I also found kudzu FO at natures garden.  I'm not aware of what kudzu actually smells like if at all.  The FO has a clean slighty sweet smell that should be good in soap.


----------



## IanT (Aug 3, 2010)

I have not seen it done before.... the main reason Id be hesitant is that its very fibrous, maybe some of the young leaves could be used (and infused in oil), or if you were to possibly make wood dust out of it and use that as an exfolient, but Ive heard that people can get nasty reactions to that type of stuff... Id say safest bet for using bamboo would be the leaves...


----------



## PrairieCraft (Aug 3, 2010)

Hi Ian-
I figured Lindseyga was probably wanting to go out and hack down some kudzu and use it but Mountain Rose Herbs has it in powder form and the uses listed are pretty interesting.  It looks like the powder would be fine enough to incorporate into something.  

You use a lot of herbs, right?  Have you ever used this one?  There is so much available at MRH, it's overwhelming.  Are there any herbs that you can recommend that are good in B&B products?  Beyond lavender powder and flowers and a couple things used for either an exfoliant or colorant, I haven't ventured into this territory yet.


----------



## IanT (Aug 3, 2010)

PrairieCraft said:
			
		

> Hi Ian-
> I figured Lindseyga was probably wanting to go out and hack down some kudzu and use it but Mountain Rose Herbs has it in powder form and the uses listed are pretty interesting.  It looks like the powder would be fine enough to incorporate into something.
> 
> You use a lot of herbs, right?  Have you ever used this one?  There is so much available at MRH, it's overwhelming.  Are there any herbs that you can recommend that are good in B&B products?  Beyond lavender powder and flowers and a couple things used for either an exfoliant or colorant, I haven't ventured into this territory yet.

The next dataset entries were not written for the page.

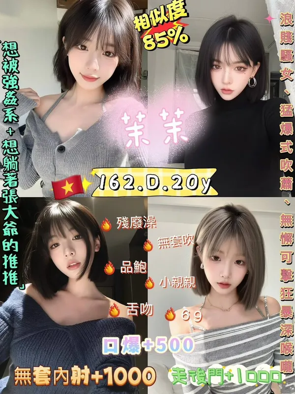 2S+500(60分)、無套內射+1000、口爆+500、後門+1000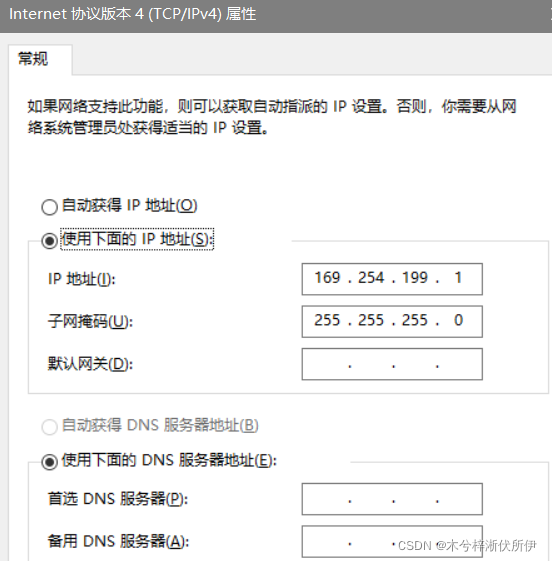 第一處填的ip 地址,要和上面win10主機(jī)配置的一致。第四個(gè)字段填0,否則和掩碼沖突。 子網(wǎng)網(wǎng)關(guān)(DNS)的第四個(gè)字段填1,2都行。
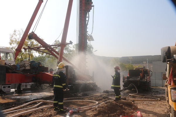蘭州支隊(duì)七里河消防大隊(duì)第一時(shí)間到達(dá)現(xiàn)場參與處置,到達(dá)現(xiàn)場后發(fā)現(xiàn):現(xiàn)場管道仍處于天然氣泄漏狀態(tài),未有明火發(fā)生?,F(xiàn)場指戰(zhàn)員立即設(shè)置警戒線,對現(xiàn)場圍觀施工人員及群眾進(jìn)行疏散撤離,對泄露事故點(diǎn)毗鄰居民樓進(jìn)行人員通告疏散,同時(shí)設(shè)置水槍防護(hù)陣地。隨著增援中隊(duì)處置力量的到達(dá),現(xiàn)場處置指揮員七里河大隊(duì)大隊(duì)長,統(tǒng)一指揮調(diào)度現(xiàn)場事故處置力量:首先,結(jié)合現(xiàn)場街道路況,設(shè)置疏散組,對毗鄰居民樓全面進(jìn)行人員清查疏散。設(shè)置警戒組并專人看守,嚴(yán)防非事故處置人員進(jìn)入。然后在先期到達(dá)成立的消防水槍防護(hù)陣地基礎(chǔ)上,增設(shè)水槍防護(hù)陣地;其次調(diào)派到達(dá)現(xiàn)場的增援消防中隊(duì)兩臺水罐消防車全程待命,做好供水保障。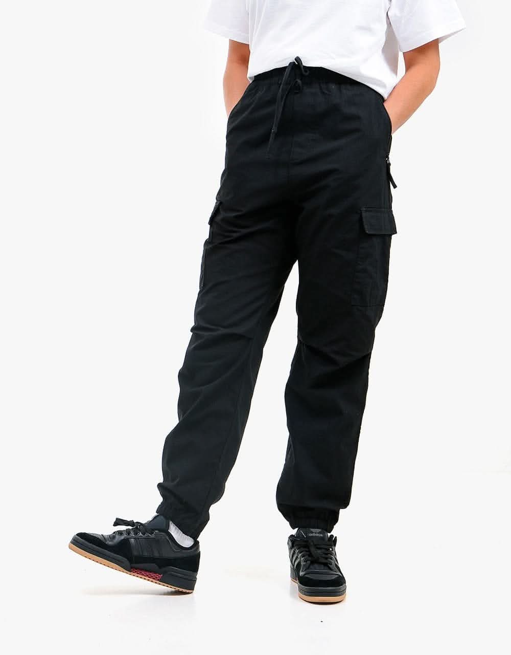 The Carhartt Cargo Jogger in Black (Rinsed) are a regular fit, low waist pant that have been constructed from 100% Cotton Ripstop and feature an adjustable drawstring waist, elasticated cuffed hems, zippered pockets and the Carhartt military label sewn onto the rear for premium branding.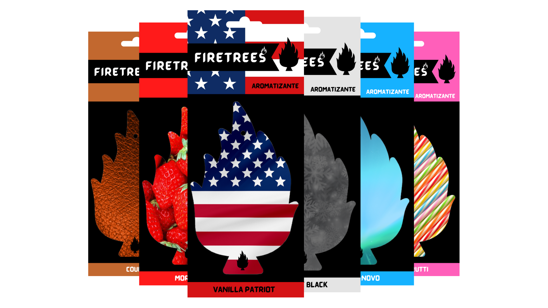 Aromatizantes Firetrees com fragrâncias Tutti-Frutti, Carro Novo, Morango, Couro, Freeze Black e Vanilla Patriot, garantindo frescor, aroma e bem-estar.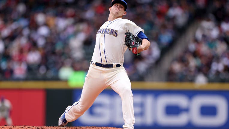 SEATTLE, WASHINGTON - APRIL 23: Chris Flexen #77 of the Seattle Mariners pitches during the second inning against the St. Louis Cardinals at T-Mobile Park on April 23, 2023 in Seattle, Washington. (Photo by Steph Chambers/Getty Images)
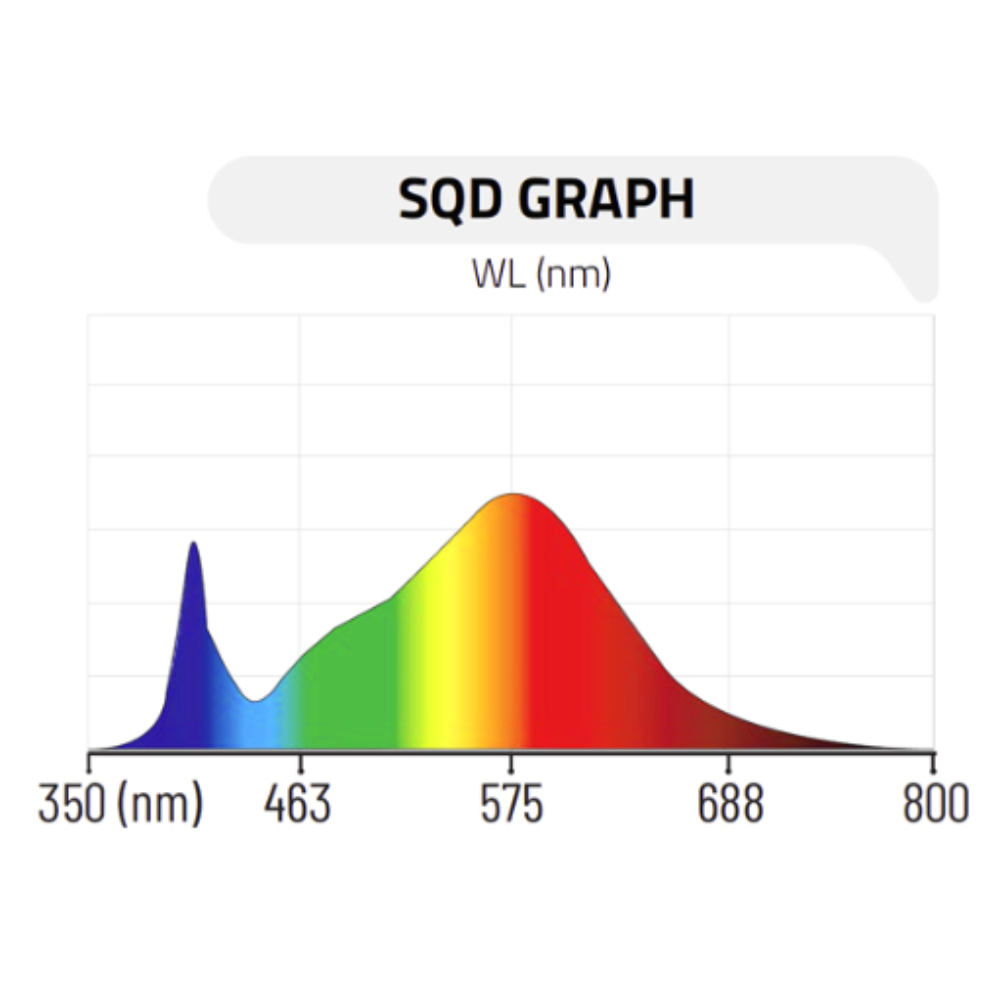 The VF 120W uses top-bin White 4000K and Warm White 3000K LEDs (Spectrum G) to deliver a balanced, plant-friendly output designed for healthy leaf and stem development. This makes it especially effective for seedlings, clones, and young plants that require controlled intensity and stable spectral performance.

To be honest, never heard of kudzu before today!

Yup I use quite a bit of herbs, as far as recommendations.... Oh I could go on and on... Might need to do it through PM  hit me up  and let me know if youre still interested


----------



## agriffin (Aug 4, 2010)

I love Mountain Rose Herbs!  I get herbs and teas from there.  I also get plantain and chickweed for balms.


----------



## funnyfarm319 (Aug 5, 2010)

When i ordered my last tussah silk the lady sent me a sample of bamboo and silk fiber they had made.  it is sooooooo soft.    Do you think this might work the same way just silk would..   (it is just a sample i guess i could try it)  

What would benefit does bamboo have?


----------